Répondre aux besoins des utilisateurs semble tellement trivial et pourtant nous sommes tous confrontés à des difficultés lors de l’utilisation de certains produits. Pour connaître les attentes des utilisateurs il faut les rencontrer !

Rencontrer et impliquer des utilisateurs dans un processus de conception ne peut pas être fait n’importe comment si vous souhaitez obtenir des résultats exploitables. Analyser, comprendre les attentes et les comportements des utilisateurs est un métier et nécessite l’intervention d’un spécialiste.

L’utilisateur ?

Idées reçues

On fait souvent deux reproches à l’utilisateur :

  • on entend souvent qu’il est fainéant. En fait non, il fonctionne selon le principe de l’économie cognitive : il souhaite atteindre ses objectifs en faisant le moins d’efforts possible ;
  • on entend souvent qu’il est « bête ». En fait, chaque utilisateur raisonne selon sa propre logique et ses expériences. La logique de l’un, n’est pas forcément celle d’un autre, encore moins celle d’un concepteur.

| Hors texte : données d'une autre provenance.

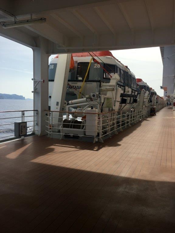 Vandaag vertrekken we richting Cannes in Frankrijk 107 nautical miles. 1 ntm = 1,85 km het weer is goed ons humeur nog beter en dan klinkt de 7 tonige alarm toeter. We zijn inmiddels in de hut en de zwemvesten liggen op de bovenste plank van de kast. Nou dat begint al lekker ik kan er niet bij dus conclusie ik ben feitelijk ten dode op geschreven. Gelukkig red manlief mijn leven en pakt mijn zwemvest om zo naar de aangegeven verzamelplaats te lopen. Vooral kalm blijven en rustig lopen want het is een oefening. In werkelijkheid zal ik waarschijnlijk over iedereen heen tijgeren of vanaf ons balkon naar beneden jumpen. Helaas hebben we onze joker niet mee (danseres dochter moest naar school in Paris) dus eindigen we dit keer niet met de hele familie en de kapitein als eerste in de reddingssloep ben ik bang.
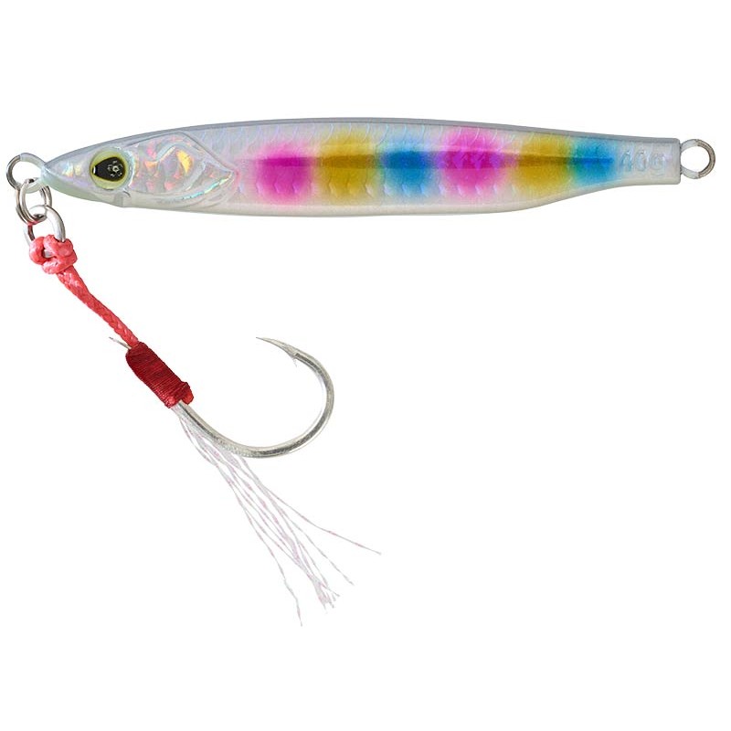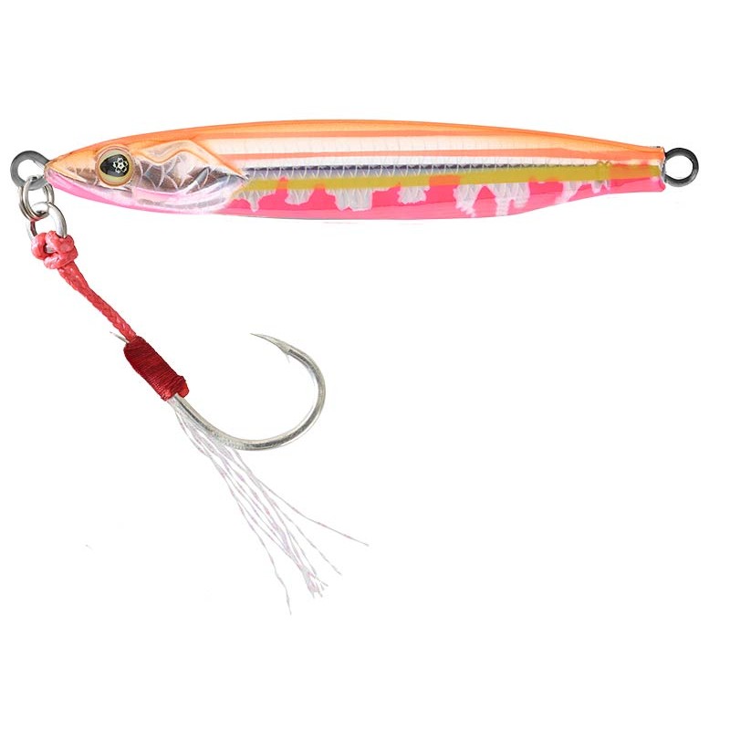 Nous avons intensifié les spectres lumineux grâce à un œil SAKURA phosphorescent et des coloris alliant phosphorescence et réactions aux rayons ultra-violet qui capte la lumière en profondeur pour mieux la restituer afin de rendre le LISA LOCA Zn hyper attractif à toutes les hauteurs d'eau. En ce qui concerne l'armement, selon leur taille, ces jigs sont équipés d'un simple ou d’un double Assist Hook en tête. Les hameçons ultra piquants et de large ouverture sont montés sur une corde à « Assist » de couleur rouge et ligaturés à la main avec quelques fibres de Krystal Flash. Ils sont capables de faire face à nombreuses espèces côtières et pélagiques.Le grammage de chaque leurre est gravé à l’arrière du jig de manière à visualiser rapidement celui qu’il vous faut dans une situation donnée.
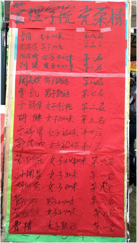 在2016年秋季校运会中,管理公司屡创佳绩。
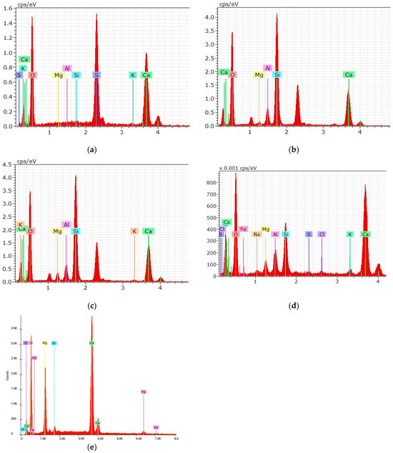 Figure 9 and Figure 10 present the results obtained from the SEM/EDS analyses of the most representative samples of the different stones.
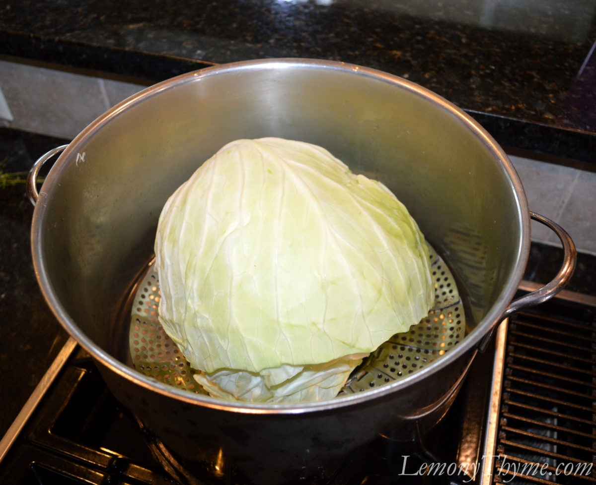 I cut the bottom off the cabbage, then gently loosened and peeled back what I thought was enough leaves (about 8). Should have done 12. I placed them over a steamer basket and steamed them over boiling water for about 10 minutes, until they were soft and pliable.
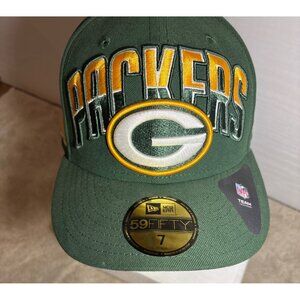 Green Bay Packers New Era 59FIFTY Fitted Hat Embroidered Cap Sz 7 READ
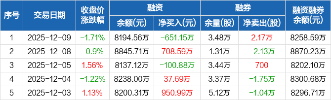 华峰铝业:融资净偿还651.15万元,融资余额8194.56万元(12-09)
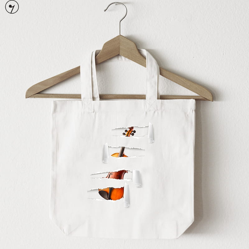 Torba na nuty i inne muzyczne szpargały. Skrzypce - urywki papieru.

La vérité sur l’utilisateur

Si l’on devait choisir quatre caractéristiques pour décrire les utilisateurs, voici celles qui nous semblent parmi les plus importantes :

  • l’utilisateur est en constante situation de résolution de problème. Il doit faire des choix souvent avec très peu d’indices ;
  • l’utilisateur est résolument complexe (il a des caractéristiques propres, une culture, des hobbies, une expérience personnelle, professionnelle, appartient à une communauté, etc.) ;
  • l’utilisateur est multi-casquettes. Il pourra par exemple être novice dans un domaine et procéder par essais/erreurs (vous devrez axer votre produit sur la facilité d’apprentissage) ou encore être expert et procéder par heuristiques (dans ce cas vous devrez miser sur la rapidité d’exécution) ;
  • l’utilisateur est parfois vicieux : il s’approprie les outils au point de développer une utilisation discrétionnaire, non prévue par les concepteurs.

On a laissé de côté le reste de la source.